There's no magic technology involved; this is just the problem of
how to actually implement it. Until we do that we all live in
danger of having our name smeared if some jerk decides he's pissed
and posts some nazi propaganda, or threats, with a reputable person's
e-mail address. I already was an antisemite, and an agent of KGB,
thank you very much.

Now, how about doing the right thing: make the NANOG list the
first one to require signed messages? Somebody has to start.

- --vadim


-----BEGIN PGP SIGNATURE-----
Version: 2.6

iQCVAgUBMtaqSEDODjim2XUVAQFuBwP+N7JhLLT7yFcF8Se7XvfRd9DOPceAa0U5
vvnjbCCEZpq8xWh6H7cMyq3vZdQeFzYnCC6007PQt4AyodJ8DQC77RLL72YthHzz
/ZWQdbS7xlJQxsUAFQiZprpeW6cAExRwIiPrKimjx96kvBvufFPeOtLjhV1Vpalo
o4e+DHJRGbY=
=EMOb
-----END PGP SIGNATURE-----
- - - - - - - - - - - - - - - - -
Re: Update on mail bombing threats--not so funny [ In reply to ]
alex at relcom
Jan 10, 1997, 2:38 PM
Post #11 of 19 (1184 views)
Permalink
Sorry, but what are you doing with the uninteresting adv. shits
in you usial mail-box? I found daily 2 / 3 such papers, and I prefere
to brote them into my wasterbacket instead of writing a lot of
complains... Sometimes I found something interesting, anyway.

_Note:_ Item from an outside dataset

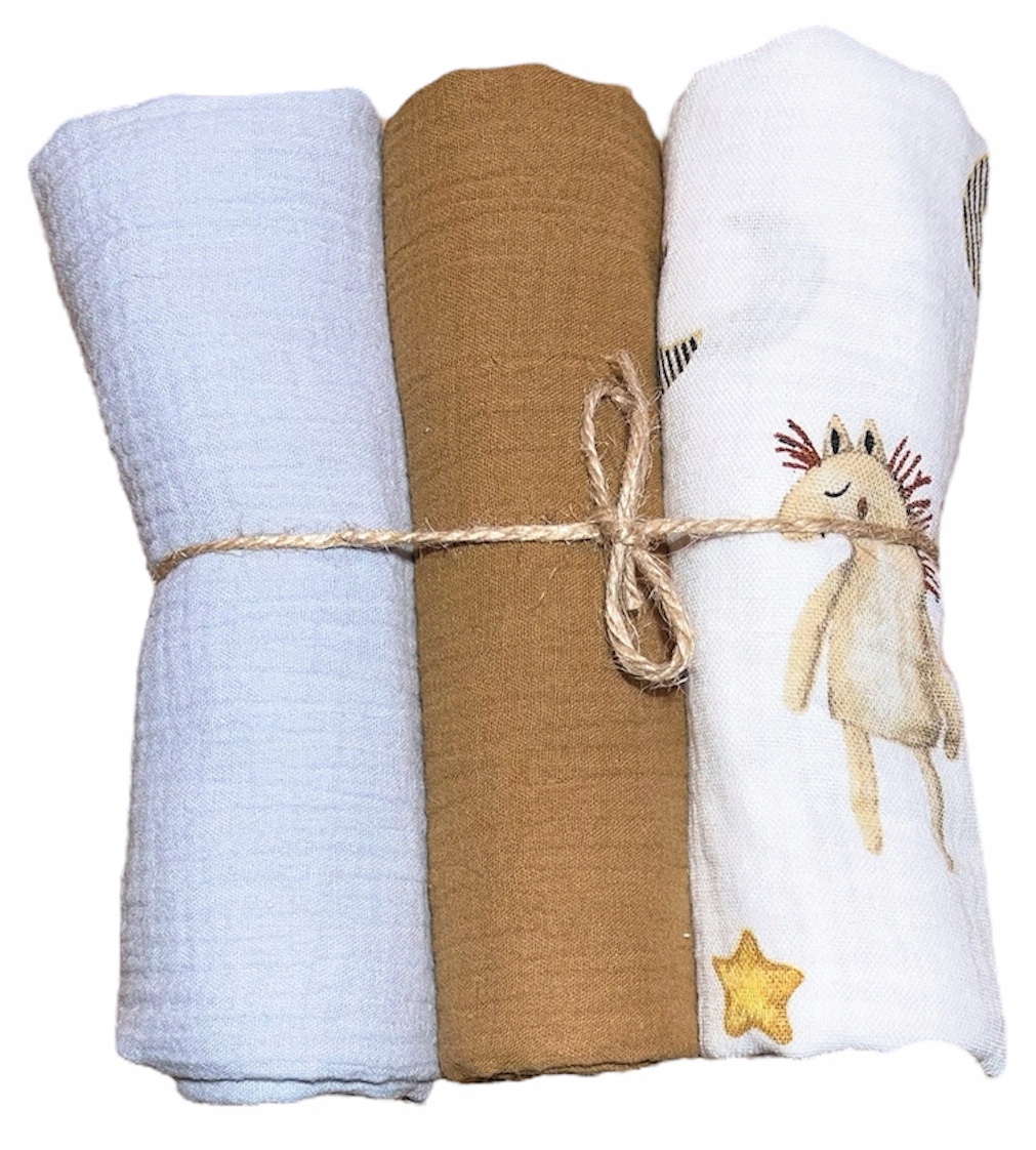 PIELUCHY MUŚLINOWE GRUBE KRESZOWANE PIELUSZKI 100% BAWEŁNA ZESTAW 3 SZT

Except some cases of the massive SPAM it's better choice.
Just now I see unadequate behaviour of some network administrators
when 1 (_ONE_) unnessesary message cause 10 / 20 messages (written bu this administrator)
complained about this advertisment (you are naming it _spam_). This cause
us to much more troubles then simple 'D' (or 'REMOVE') command.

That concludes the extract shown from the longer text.